**Task instructions:** Retype exactly what appears below from the line containing "Umidità visibile: la" down to the line containing "Яичница с кейлом и сладким перцем готова.", keeping both end lines. Do not include pictures.

**Task inputs:**

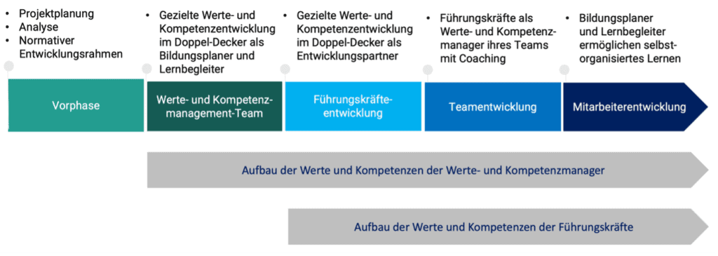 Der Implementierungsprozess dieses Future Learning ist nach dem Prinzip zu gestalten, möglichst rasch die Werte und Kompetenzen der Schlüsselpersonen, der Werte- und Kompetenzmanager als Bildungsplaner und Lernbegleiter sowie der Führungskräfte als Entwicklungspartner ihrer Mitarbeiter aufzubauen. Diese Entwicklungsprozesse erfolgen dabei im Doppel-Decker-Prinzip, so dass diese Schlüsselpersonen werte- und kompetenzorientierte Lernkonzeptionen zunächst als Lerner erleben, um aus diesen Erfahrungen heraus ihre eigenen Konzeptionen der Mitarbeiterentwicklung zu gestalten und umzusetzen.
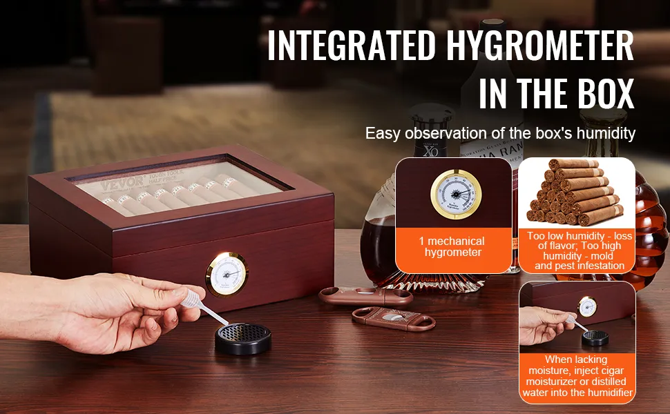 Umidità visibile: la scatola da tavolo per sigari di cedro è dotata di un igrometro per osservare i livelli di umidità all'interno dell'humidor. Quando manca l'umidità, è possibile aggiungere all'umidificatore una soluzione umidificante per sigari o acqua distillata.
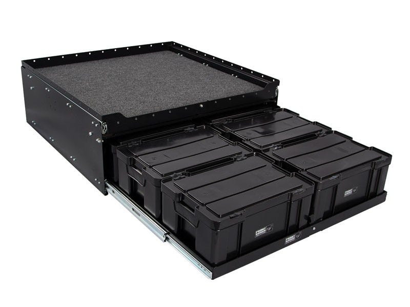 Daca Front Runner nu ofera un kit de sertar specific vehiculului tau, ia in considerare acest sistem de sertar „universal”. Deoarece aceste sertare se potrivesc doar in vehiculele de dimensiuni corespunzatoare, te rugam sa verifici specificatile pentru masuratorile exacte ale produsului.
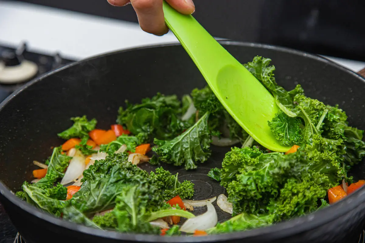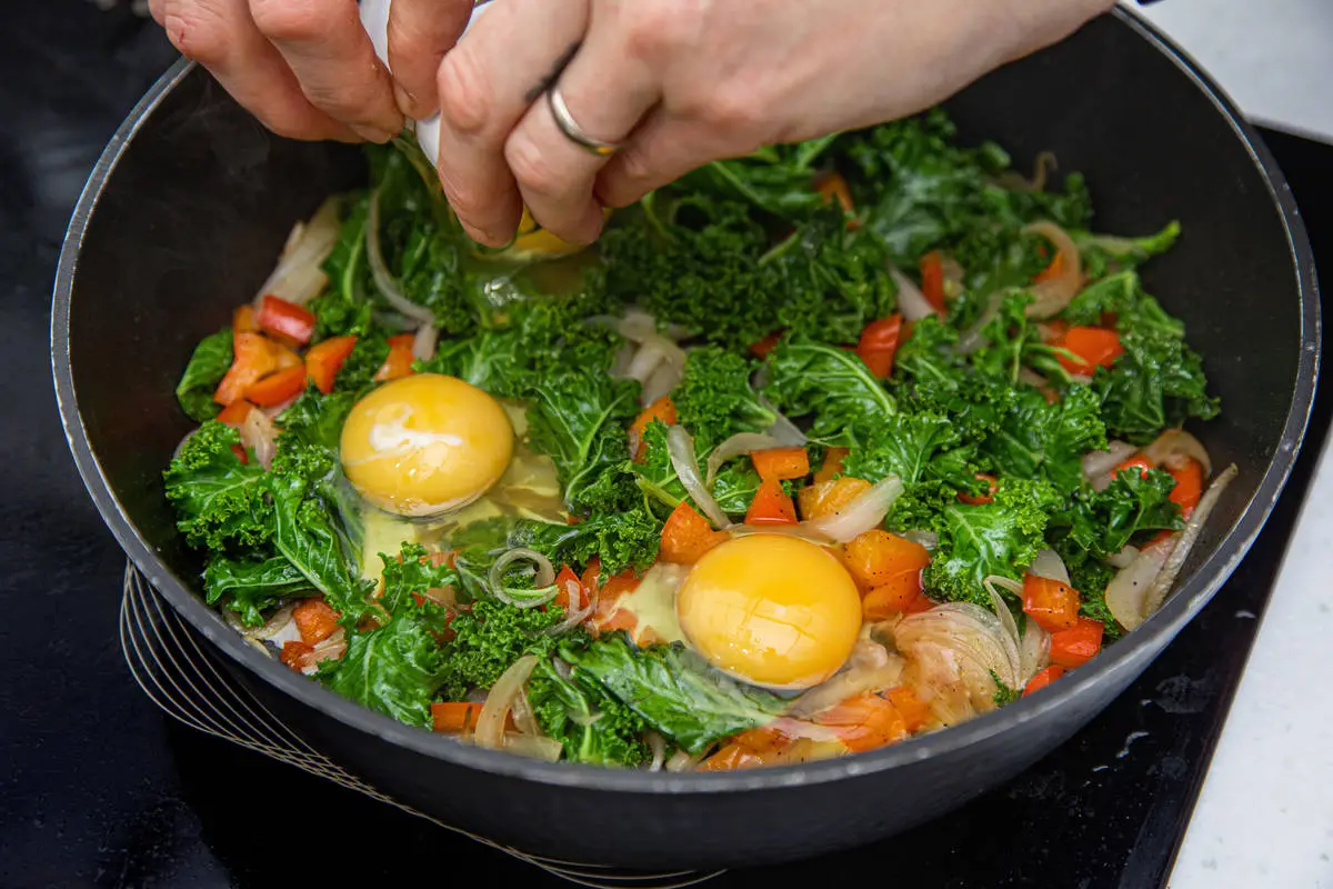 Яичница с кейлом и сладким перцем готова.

==

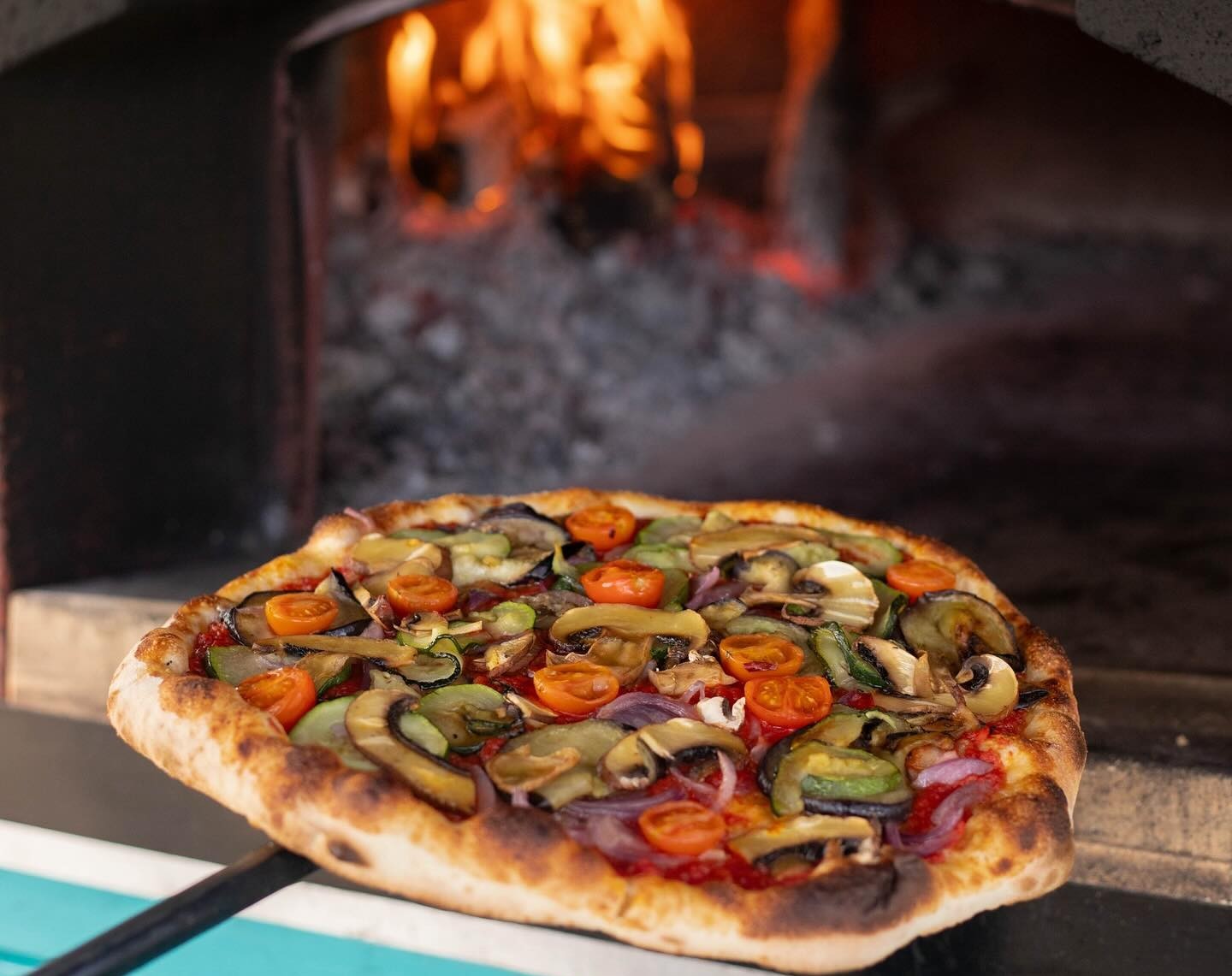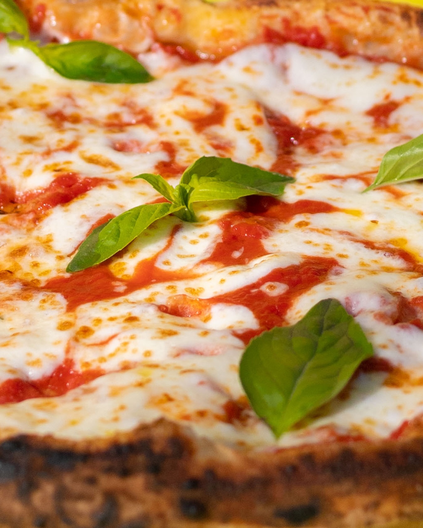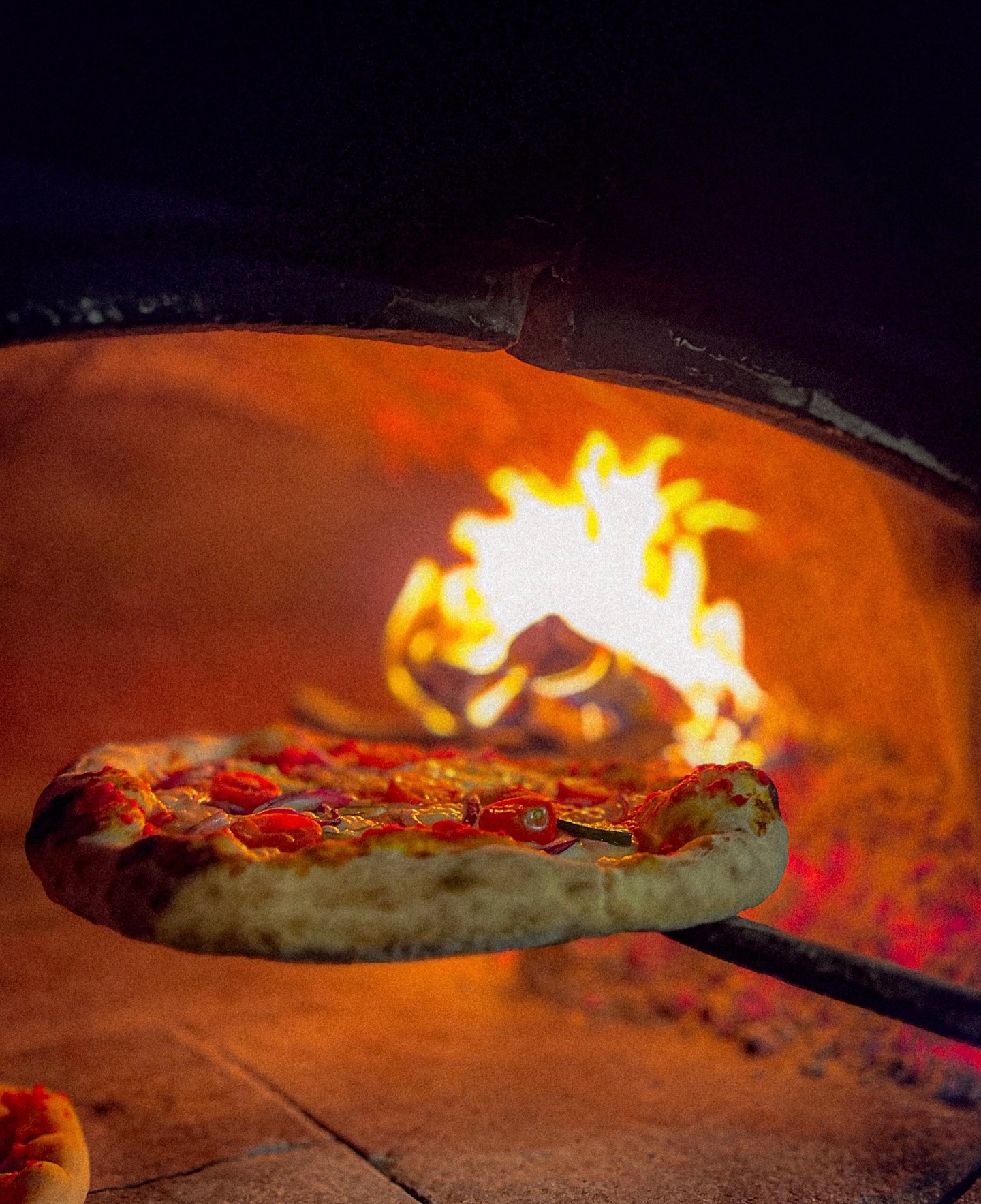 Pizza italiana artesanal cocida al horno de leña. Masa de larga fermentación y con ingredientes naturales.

**Answer for this exercise:**
 Umidità visibile: la scatola da tavolo per sigari di cedro è dotata di un igrometro per osservare i livelli di umidità all'interno dell'humidor. Quando manca l'umidità, è possibile aggiungere all'umidificatore una soluzione umidificante per sigari o acqua distillata.
 Daca Front Runner nu ofera un kit de sertar specific vehiculului tau, ia in considerare acest sistem de sertar „universal”. Deoarece aceste sertare se potrivesc doar in vehiculele de dimensiuni corespunzatoare, te rugam sa verifici specificatile pentru masuratorile exacte ale produsului.
 Яичница с кейлом и сладким перцем готова.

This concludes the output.